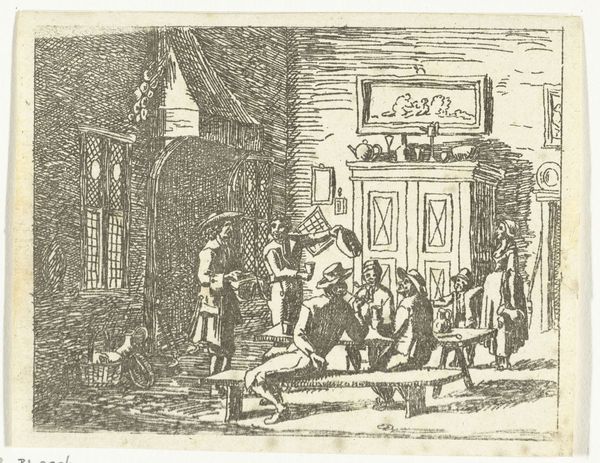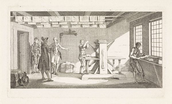 Curator: Welcome to the Rijksmuseum. Today, we're examining an intriguing engraving by Matthijs Pool, created around 1720, titled "Apen in de bakkerij," or "Apes in the Bakery." Editor: My goodness, it's... chaotic! Chimpanzees running a bakery, or at least trying to. I’m struck by how busy it is, yet also a bit unsettling with that glaring fire and watchful owl. Curator: The depiction of animals performing human tasks was a common satirical trope in the 18th century. These "singeries," as they were known, often served to mock social customs and class structures. What stands out to me here is not just the absurdity, but also the social commentary implied by the image. Editor: Absolutely. Look at the level of detail in their tasks: weighing ingredients, stoking the oven, shaping dough. You get a sense for all the different roles, and the effort put in—or maybe the incompetence! How did Pool create such textures through engraving alone? I’m wondering about his workshop setup, his engraver’s tools… the materials and labour that went into its making are significant to consider. Curator: Indeed, and consider the viewers: for whom was this print made, and how would they have interpreted it? Pool was part of a well-established artistic circle in Amsterdam; these images tapped into existing societal critiques and moral observations, likely for a middle-class audience familiar with such imagery. The print’s style draws on Baroque traditions, evident in the dramatic lighting and intricate details. Editor: And speaking of detail, I’m curious about the actual process of making bread in that period – it’s very tactile. Were the various tools carefully researched for accuracy? Or, were they more generic references representing labour in workshops? The fire emanating out of the stove is very theatrical! Curator: That’s a key point: The drama adds an element of spectacle. While not aiming for strict documentary accuracy, the image uses familiar elements – bakery settings, apes enacting work – to deliver a biting satire. The owl, traditionally a symbol of wisdom, perched atop the oven could indicate either knowledge or foolishness in action. Editor: Looking at the final print I’m pondering on what kind of press was utilized to duplicate it, the paper, and where that bakery was located. All these layers in producing and then distributing Pool’s final work give insight into trade practices of that era. It’s quite brilliant. Curator: I agree, thinking about the social messaging around labour mixed with detailed technique offers layered meaning here. Editor: Definitely an enlightening piece of crafted material culture to unpack today!
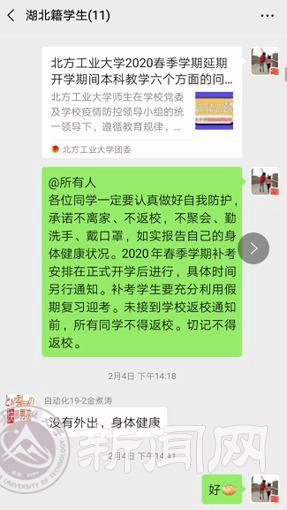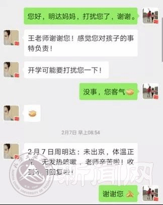 輔導員們密切關注著每名學生的朋友圈,時刻提醒學生不去人員密集的公共場所,盡量減少不必要的聚會聚餐等活動。通過在學生群和朋友圈的不間斷提醒,讓學生知曉和踐行學校“不離家、不返校”的防控要求。大家還從“學生輔導員”變身“防疫咨詢熱線”,電控學院輔導員王磊逐一向學生及其家長發送溫馨提示,得到了家長的高度贊揚,并評價為“對孩子的事特負責”。文法學院輔導員尤博在自己的微信圈里“以身作則”,通過曬圖的方式引導學生們在家里“多讀書、多寫作、多鍛煉”。
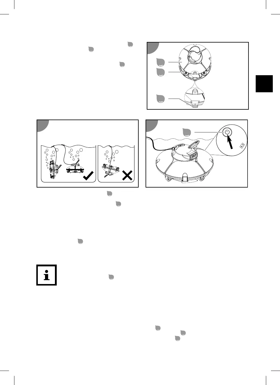 Vérifiez que le dessous de l’appareil touche le fond de la piscine et que l’appareil peut démarrer le
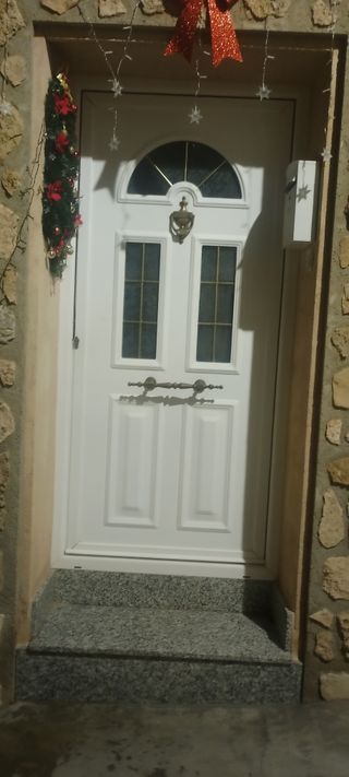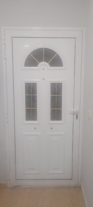 Puerta de aluminio con cristal climalit y reja de hierro. - Aluminio blanco - Cristal climalit. - Reja de hierro forjado con diseño. - hueco ...0,82 × 1,91 MT.
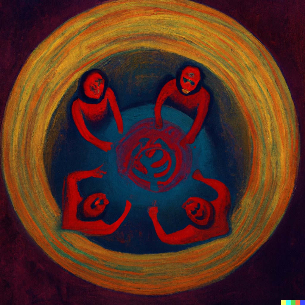 I was looking for a description of Doom Circles for an event I'm working on and couldn't find one, so wrote this up. Thanks, Duncan Sabien and Kenzi (Amodei) Ashkie for sharing the history and quotes! Thanks to Olivia Jimenez, AW, and Justis Mills for comments and edits. And thanks to DALL·E for the"painting of four people sitting in a scary circle of doom".
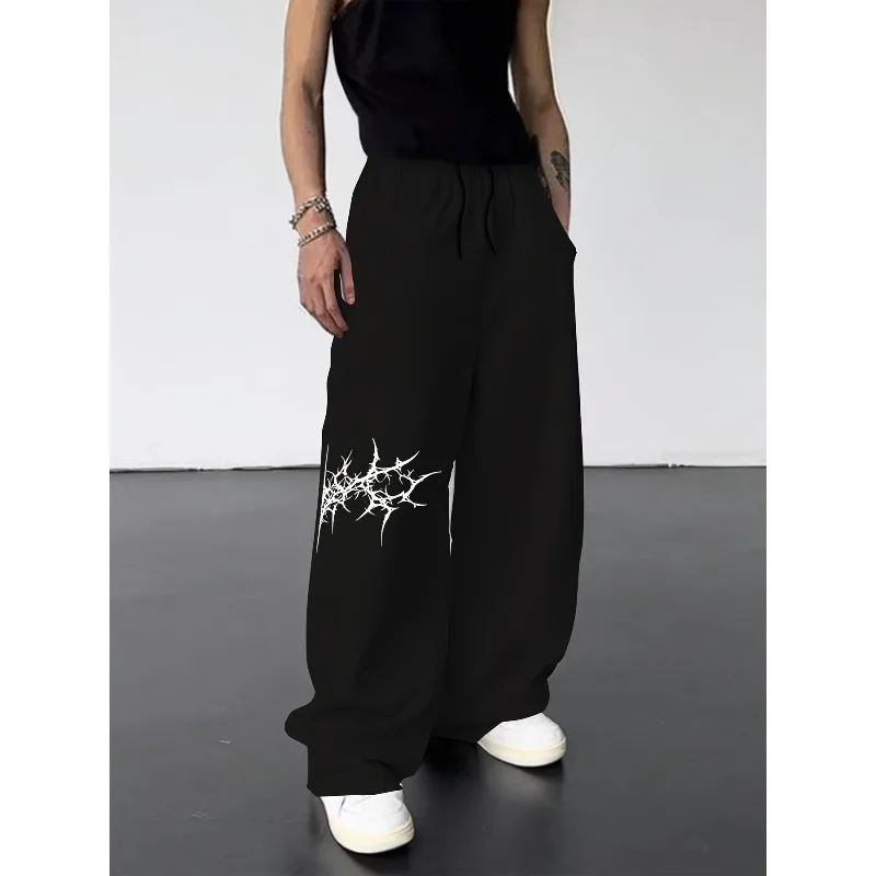 Autumn and Winter Men's Black Jogging Pants Gothic Style Printed Text Pattern Street Sweatpants Casual Drawstring Trousers
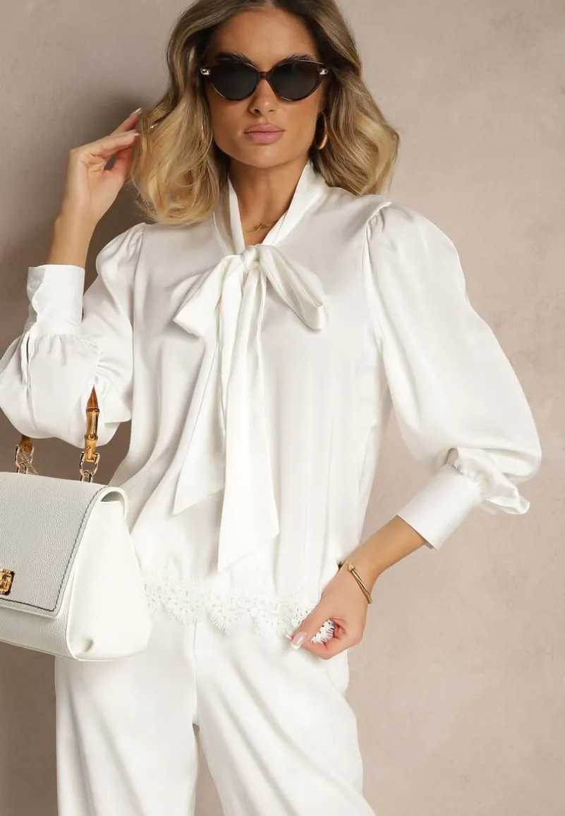 Przygotuj się na to, by zwrócić na siebie uwagę! Bluzka Haliritia, z wiązaniem przy dekolcie i delikatną ażurową koronką na dole, to Must-Have każdej modnej kobiety. Jej swobodny fason i długi rękaw doskonale sprawdzą się zarówno na co dzień, jak i na bardziej formalne okazje — zestaw ją z ołówkową spódnicą i szpilkami, a stworzysz elegancki look, który zachwyci wszystkich. Na weekend natomiast, połącz ją z ulubionymi jeansami oraz sneakersami, by utrzymać wygodny, a jednocześnie stylowy wygląd!
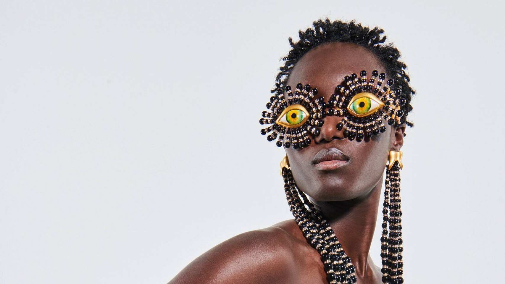 Daniel Roseberry ha sabido homenajear más allá de la literalidad, el legado de Elsa Schiaparelli. En su tercera colección para la casa, vuelve a enfocarse en la joyería y en la exploración de siluetas y materiales para jugar con las formas envolventes del cuerpo, tomando como punto de partida el surrealismo statement que ha sido insignia de la casa en toda su historia. Y le ha funcionado: de hecho, piezas de joyería como las gafas en formas de ojo ya se han agotado en preorder.
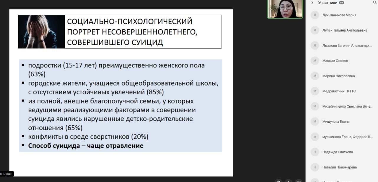 В целях повышения психологической грамотности и формирования безопасной образовательной среды для сотрудников и педагогов был организован специализированный онлайн-семинар. Перед коллективом выступила практикующий специалист в области психологического здоровья, психолог Центра суицидальной превенции ГБУЗ ТО «Областная клиническая психиатрическая больница» Айжана Валерьевна Исымканова.
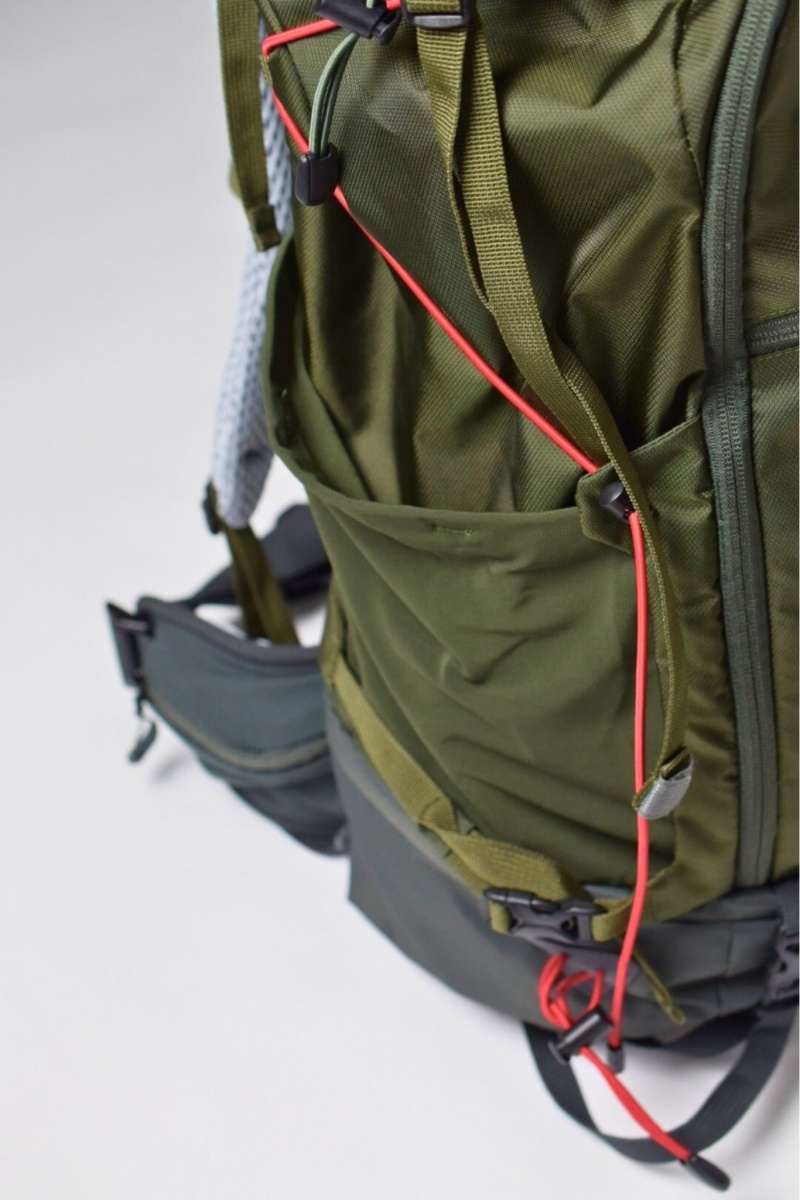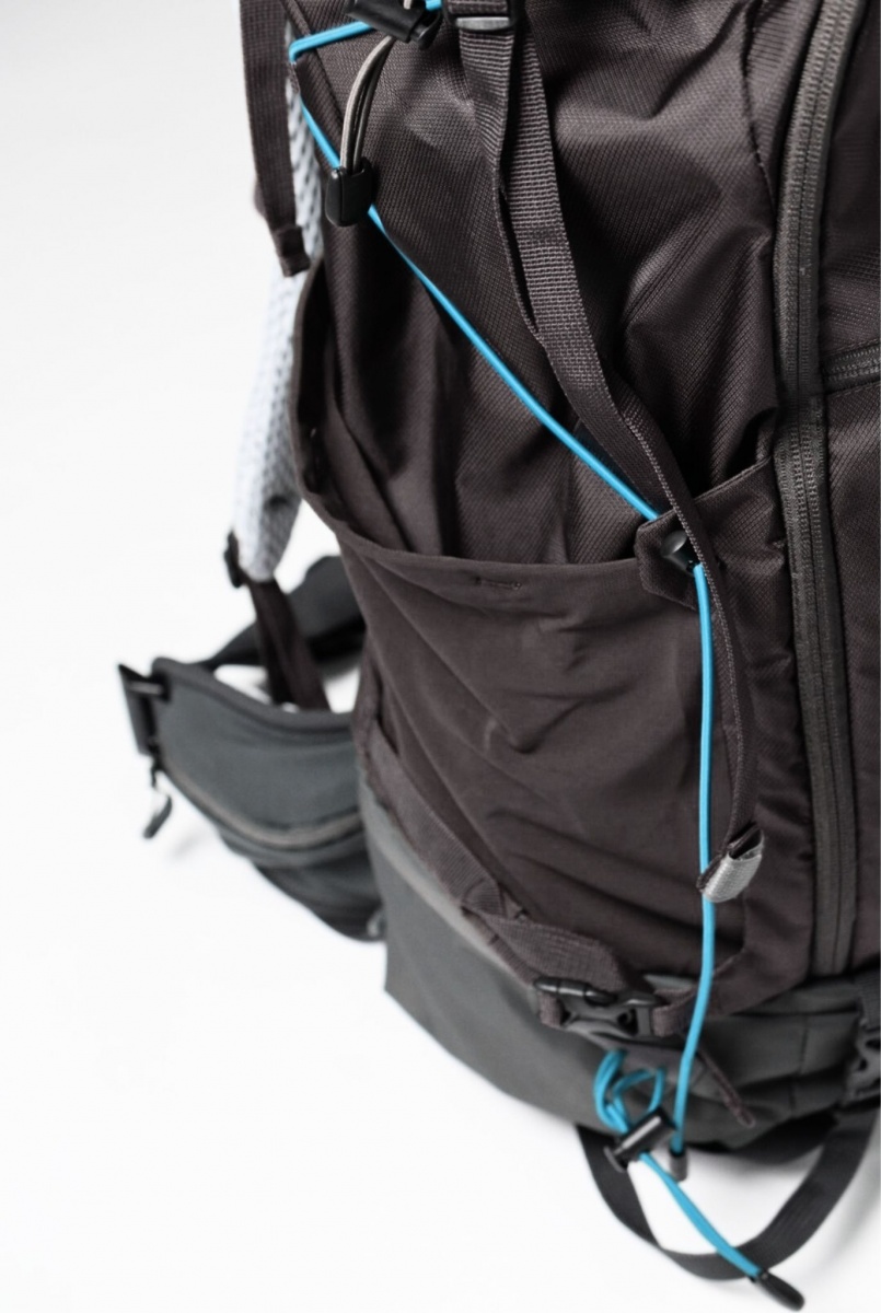 It’s a technical spacer mesh. The mesh is firm, breathable, and highly malleable, which considerably reduces its adherence to your back when you’re sweating. Another advantage is the low weight in relation to the total volume. Added to which it doesn’t absorb moisture, and is perfectly elastic and anti-allergenic.
::::::::::
*THE TASK:* With the pictures omitted, the material is to be transcribed exactly.

*RESPONSE:*
 Curator: Welcome to the Rijksmuseum. Today, we're examining an intriguing engraving by Matthijs Pool, created around 1720, titled "Apen in de bakkerij," or "Apes in the Bakery." Editor: My goodness, it's... chaotic! Chimpanzees running a bakery, or at least trying to. I’m struck by how busy it is, yet also a bit unsettling with that glaring fire and watchful owl. Curator: The depiction of animals performing human tasks was a common satirical trope in the 18th century. These "singeries," as they were known, often served to mock social customs and class structures. What stands out to me here is not just the absurdity, but also the social commentary implied by the image. Editor: Absolutely. Look at the level of detail in their tasks: weighing ingredients, stoking the oven, shaping dough. You get a sense for all the different roles, and the effort put in—or maybe the incompetence! How did Pool create such textures through engraving alone? I’m wondering about his workshop setup, his engraver’s tools… the materials and labour that went into its making are significant to consider. Curator: Indeed, and consider the viewers: for whom was this print made, and how would they have interpreted it? Pool was part of a well-established artistic circle in Amsterdam; these images tapped into existing societal critiques and moral observations, likely for a middle-class audience familiar with such imagery. The print’s style draws on Baroque traditions, evident in the dramatic lighting and intricate details. Editor: And speaking of detail, I’m curious about the actual process of making bread in that period – it’s very tactile. Were the various tools carefully researched for accuracy? Or, were they more generic references representing labour in workshops? The fire emanating out of the stove is very theatrical! Curator: That’s a key point: The drama adds an element of spectacle. While not aiming for strict documentary accuracy, the image uses familiar elements – bakery settings, apes enacting work – to deliver a biting satire. The owl, traditionally a symbol of wisdom, perched atop the oven could indicate either knowledge or foolishness in action. Editor: Looking at the final print I’m pondering on what kind of press was utilized to duplicate it, the paper, and where that bakery was located. All these layers in producing and then distributing Pool’s final work give insight into trade practices of that era. It’s quite brilliant. Curator: I agree, thinking about the social messaging around labour mixed with detailed technique offers layered meaning here. Editor: Definitely an enlightening piece of crafted material culture to unpack today!
 輔導員們密切關注著每名學生的朋友圈,時刻提醒學生不去人員密集的公共場所,盡量減少不必要的聚會聚餐等活動。通過在學生群和朋友圈的不間斷提醒,讓學生知曉和踐行學校“不離家、不返校”的防控要求。大家還從“學生輔導員”變身“防疫咨詢熱線”,電控學院輔導員王磊逐一向學生及其家長發送溫馨提示,得到了家長的高度贊揚,并評價為“對孩子的事特負責”。文法學院輔導員尤博在自己的微信圈里“以身作則”,通過曬圖的方式引導學生們在家里“多讀書、多寫作、多鍛煉”。
 Vérifiez que le dessous de l’appareil touche le fond de la piscine et que l’appareil peut démarrer le
 Puerta de aluminio con cristal climalit y reja de hierro. - Aluminio blanco - Cristal climalit. - Reja de hierro forjado con diseño. - hueco ...0,82 × 1,91 MT.
 I was looking for a description of Doom Circles for an event I'm working on and couldn't find one, so wrote this up. Thanks, Duncan Sabien and Kenzi (Amodei) Ashkie for sharing the history and quotes! Thanks to Olivia Jimenez, AW, and Justis Mills for comments and edits. And thanks to DALL·E for the"painting of four people sitting in a scary circle of doom".
 Autumn and Winter Men's Black Jogging Pants Gothic Style Printed Text Pattern Street Sweatpants Casual Drawstring Trousers
 Przygotuj się na to, by zwrócić na siebie uwagę! Bluzka Haliritia, z wiązaniem przy dekolcie i delikatną ażurową koronką na dole, to Must-Have każdej modnej kobiety. Jej swobodny fason i długi rękaw doskonale sprawdzą się zarówno na co dzień, jak i na bardziej formalne okazje — zestaw ją z ołówkową spódnicą i szpilkami, a stworzysz elegancki look, który zachwyci wszystkich. Na weekend natomiast, połącz ją z ulubionymi jeansami oraz sneakersami, by utrzymać wygodny, a jednocześnie stylowy wygląd!
 Daniel Roseberry ha sabido homenajear más allá de la literalidad, el legado de Elsa Schiaparelli. En su tercera colección para la casa, vuelve a enfocarse en la joyería y en la exploración de siluetas y materiales para jugar con las formas envolventes del cuerpo, tomando como punto de partida el surrealismo statement que ha sido insignia de la casa en toda su historia. Y le ha funcionado: de hecho, piezas de joyería como las gafas en formas de ojo ya se han agotado en preorder.
 В целях повышения психологической грамотности и формирования безопасной образовательной среды для сотрудников и педагогов был организован специализированный онлайн-семинар. Перед коллективом выступила практикующий специалист в области психологического здоровья, психолог Центра суицидальной превенции ГБУЗ ТО «Областная клиническая психиатрическая больница» Айжана Валерьевна Исымканова.
 It’s a technical spacer mesh. The mesh is firm, breathable, and highly malleable, which considerably reduces its adherence to your back when you’re sweating. Another advantage is the low weight in relation to the total volume. Added to which it doesn’t absorb moisture, and is perfectly elastic and anti-allergenic.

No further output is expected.